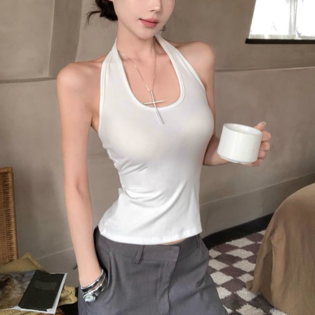 ファーデザインホルターネックトップス ・12698
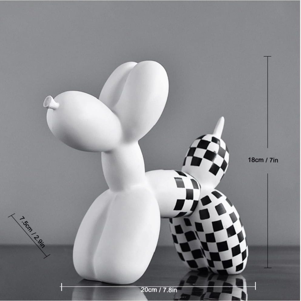 Un divertido perro globo en blanco sobre una base estilo ajedrez, ideal para dar un toque moderno y artístico.
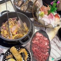小妹今晚同豬去咗尖沙咀搵咗一間食火鍋店嘅餐廳,呢間餐廳特別在於2.5小時海鮮🦞🦐🐚🦑🐟雞煲🐔放題都係$298起~仲包時令燉湯、任食海鮮、肉🥩菜類🥗等….超級抵食~而且每人加$20仲可以無限暢飲指定啤酒汽水,性價比極高~ 餐廳環境很大,座位坐得寬闊,即使枱上擺滿好多食物,但仍然有地方可以食用🐵 環境:🌟🌟🌟🌟🌟 餐廳職員先遞上燉湯🥣及炸魚皮~ 時令燉湯以金色茶壺🫖呈現,特別又易飲用⋯ 職員更表示而家只要係FB分享+讚好👍🏻就可以免費有份鮮美刺身拼盤🙀 有象拔蚌,切片墨魚生吞拿魚,大赤貝,北寄貝,大蝦🍤等,新鮮又好足料 霸王海鮮盤🦞🦐🐚🦑🐟 擺放得好岩打卡,當中有龍蝦🦞蝦、帶子、鮑魚及蟹,絕對被海鮮包圍….. 特色雞煲🧀🐔 呢款雞煲可選擇麻辣、芝士、花膠等…小妹就擇咗芝士雞煲😸雞肉份量適中,每嚿都肉質嫩滑,加上配搭濃郁既芝士🧀當芝士融化後,每嚿雞肉都有一層絲滑既芝士🧀包圍,做到拉絲效果~香濃芝士🧀配搭雞肉🍗鮮嫩,令人食到停唔到口~ 火鍋🍲 湯底方面🍲擇咗蕃茄湯底,湯底中有粟米,切嚿蕃茄,非常足料🫶🏻而且配料任點,只要係過膠餐牌上點選便可以😌食物種類好多~當中有蔬菜、餃子、肉🥩黑松露蝦滑等🤤更可按個人需要點半份或者全份食物,唔擔心點太多食唔哂🫨 價錢:🌟🌟🌟🌟🌟 喜歡食海鮮🦞既朋友仔,呢度絕對岩哂,每口都食到不同海鮮既鮮美🦐🐚🦑🐟種類選擇多,質素及份量合宜,加上價錢好抵😬 質素:🌟🌟🌟🌟🌟 ————shop info———— 📍 阿爺八鮮鍋 🔍 尖沙咀金馬倫道48號中國保險大廈1樓A&B號舖 ——————————— #hongkongfoodie#港式#香港必吃#香港旅游攻略#食在香港#香港探店#香港美食#香港打卡#香港生活#阿爺八鮮鍋#尖沙咀#尖沙咀美食#火鍋#雞煲#UCreator#香港美食#九龍美食#燒肉

..........

A verbatim copy of the data, pictures removed, is the expected result.

• _Response to this task_
 ファーデザインホルターネックトップス ・12698
 Un divertido perro globo en blanco sobre una base estilo ajedrez, ideal para dar un toque moderno y artístico.
小妹今晚同豬去咗尖沙咀搵咗一間食火鍋店嘅餐廳,呢間餐廳特別在於2.5小時海鮮🦞🦐🐚🦑🐟雞煲🐔放題都係$298起~仲包時令燉湯、任食海鮮、肉🥩菜類🥗等….超級抵食~而且每人加$20仲可以無限暢飲指定啤酒汽水,性價比極高~ 餐廳環境很大,座位坐得寬闊,即使枱上擺滿好多食物,但仍然有地方可以食用🐵 環境:🌟🌟🌟🌟🌟 餐廳職員先遞上燉湯🥣及炸魚皮~ 時令燉湯以金色茶壺🫖呈現,特別又易飲用⋯ 職員更表示而家只要係FB分享+讚好👍🏻就可以免費有份鮮美刺身拼盤🙀 有象拔蚌,切片墨魚生吞拿魚,大赤貝,北寄貝,大蝦🍤等,新鮮又好足料 霸王海鮮盤🦞🦐🐚🦑🐟 擺放得好岩打卡,當中有龍蝦🦞蝦、帶子、鮑魚及蟹,絕對被海鮮包圍….. 特色雞煲🧀🐔 呢款雞煲可選擇麻辣、芝士、花膠等…小妹就擇咗芝士雞煲😸雞肉份量適中,每嚿都肉質嫩滑,加上配搭濃郁既芝士🧀當芝士融化後,每嚿雞肉都有一層絲滑既芝士🧀包圍,做到拉絲效果~香濃芝士🧀配搭雞肉🍗鮮嫩,令人食到停唔到口~ 火鍋🍲 湯底方面🍲擇咗蕃茄湯底,湯底中有粟米,切嚿蕃茄,非常足料🫶🏻而且配料任點,只要係過膠餐牌上點選便可以😌食物種類好多~當中有蔬菜、餃子、肉🥩黑松露蝦滑等🤤更可按個人需要點半份或者全份食物,唔擔心點太多食唔哂🫨 價錢:🌟🌟🌟🌟🌟 喜歡食海鮮🦞既朋友仔,呢度絕對岩哂,每口都食到不同海鮮既鮮美🦐🐚🦑🐟種類選擇多,質素及份量合宜,加上價錢好抵😬 質素:🌟🌟🌟🌟🌟 ————shop info———— 📍 阿爺八鮮鍋 🔍 尖沙咀金馬倫道48號中國保險大廈1樓A&B號舖 ——————————— #hongkongfoodie#港式#香港必吃#香港旅游攻略#食在香港#香港探店#香港美食#香港打卡#香港生活#阿爺八鮮鍋#尖沙咀#尖沙咀美食#火鍋#雞煲#UCreator#香港美食#九龍美食#燒肉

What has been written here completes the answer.